La pandemia del COVID-19 ha avuto un impatto devastante sulla vita delle bambine e delle ragazze in Mozambico. Le scuole sono state tra le prime della regione a chiudere e migliaia di bambine sono rimaste senza un sostegno cosa che le ha rese particolarmente vulnerabili al matrimonio precoce e alla gravidanza, problemi già molto diffusi nel paese.
Per molte famiglie che vivono nella provincia di Sofala, il COVID-19 ha esacerbato le già difficili condizioni economiche determinate da emergenze precedenti come il ciclone Idai o le inondazioni che di recente hanno distrutto i campi coltivati, loro unica e principale fonte di reddito.
Per ragazze come Ana*, costretta a sposarsi a 16 anni, la pandemia ha messo fine alla loro speranza di continuare a studiare.
“Non ho più tempo di imparare perché ogni giorno ho tante cose da fare. Mi sveglio presto per andare a cercare l’acqua di cui ho bisogno per cucinare, lavarci e pulire casa. Con il coronavirus, questa è diventata la mia priorità, e non ho più tempo da dedicare allo studio”, dice.
Ana e la sua famiglia d’origine vivevano a Buzi, luogo duramente colpito dal ciclone Idai. L’anno scorso i suoi genitori, che non avevano più i mezzi economici per prendersi cura di lei, hanno deciso che l’opzione migliore era farla sposare nonostante fosse minorenne. Adesso Ana è incinta di 5 mesi e sa che anche quando le scuole riapriranno sarà costretta ad interrompere il suo percorso formativo.
“Non potrò tornare mai più a scuola perché non ho nessuno che si possa prendere cura del mio bambino. Inoltre, vivo con mia sorella che è più piccola di me ed i miei genitori ora vivono lontano da qui. Mio marito lavora come giardiniere nella città di Beira e conto sul suo aiuto per comprare quello di cui avrà bisogno il piccolo, altrimenti non saprei proprio come farò”, racconta.

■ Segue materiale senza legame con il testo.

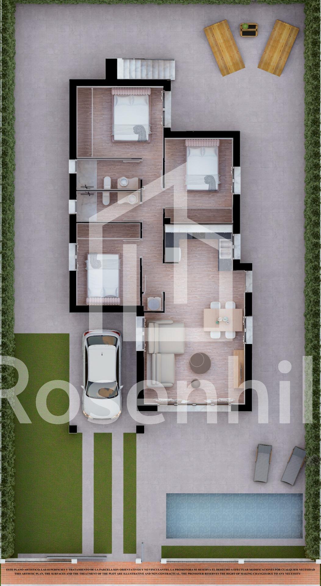 NEW BUILD VILLAS IN LOS ALCAZARES New Build detached villa build on the generous plot of 350m2 in Los Alcazares . Villa with 3 bedrooms and 2 bathrooms, open plan kitchen with the lounge area, fitted wardrobes, solarium, private garden with off road parking space and space for a swimming pool. An options for a private pool at an extra cost. Spacious living room has large sliding doors to a terrace. Ample terraces at the front and rear ensure that owners can sunbathe throughout the day. This villas have modern fitted kitchens with a choice of colours for kitchen units and wall tiles in both kitchens and bathrooms and also floors and terraces. Residential of villas located 1 km from the beach and the town of Los Alcázares, where you can practice various water sports, surrounded by several golf courses. City of Cartagena less than 15 minutes by car and 30 minutes from Murcia Corvera airport.

Prima della chiusura della scuola Ana non vedeva l’ora di finire il terzo anno di liceo e sognava di diventare infermiera. Ora, con sua sorella più piccola a carico e con l’arrivo del suo primo figlio, la sua vita quotidiana è diventata frenetica e non ha tempo nemmeno per studiare a distanza attraverso i programmi radiofonici che sono stati creati per sostenere i bambini durante il lockdown.
Il coronavirus costituisce una grave minaccia per l’istruzione delle bambine e adolescenti in Mozambico. Uno studio realizzato da Plan International sull’impatto del COVID-19 nel paese ha dimostrato che, a causa della pandemia, i matrimoni precoci e le gravidanze adolescenziali sono in aumento per via dei problemi economici a cui devono far fronte le famiglie.
Per dar risposta a quest’emergenza nella provincia di Sofala, Plan International si è concentrata soprattutto su tre aree di intervento:
- Formando i docenti su come gestire le lezioni a distanza e sovvenzionando programmi radiofonici educativi in modo che i bambini potessero continuare la loro istruzione a casa durante il lockdown;
- Migliorando l’accesso a servizi di salute sessuale e riproduttiva per le ragazze e realizzando campagne informative per far sì che potessero scegliere il loro futuro in maniera consapevole.
- Mettendo in marcia programmi di formazione e di sostegno economico per giovani donne affinchè potessero raggiungere l’indipendenza economica.
*Il nome è stato cambiato per proteggere l’identità della protagonista di questa storia.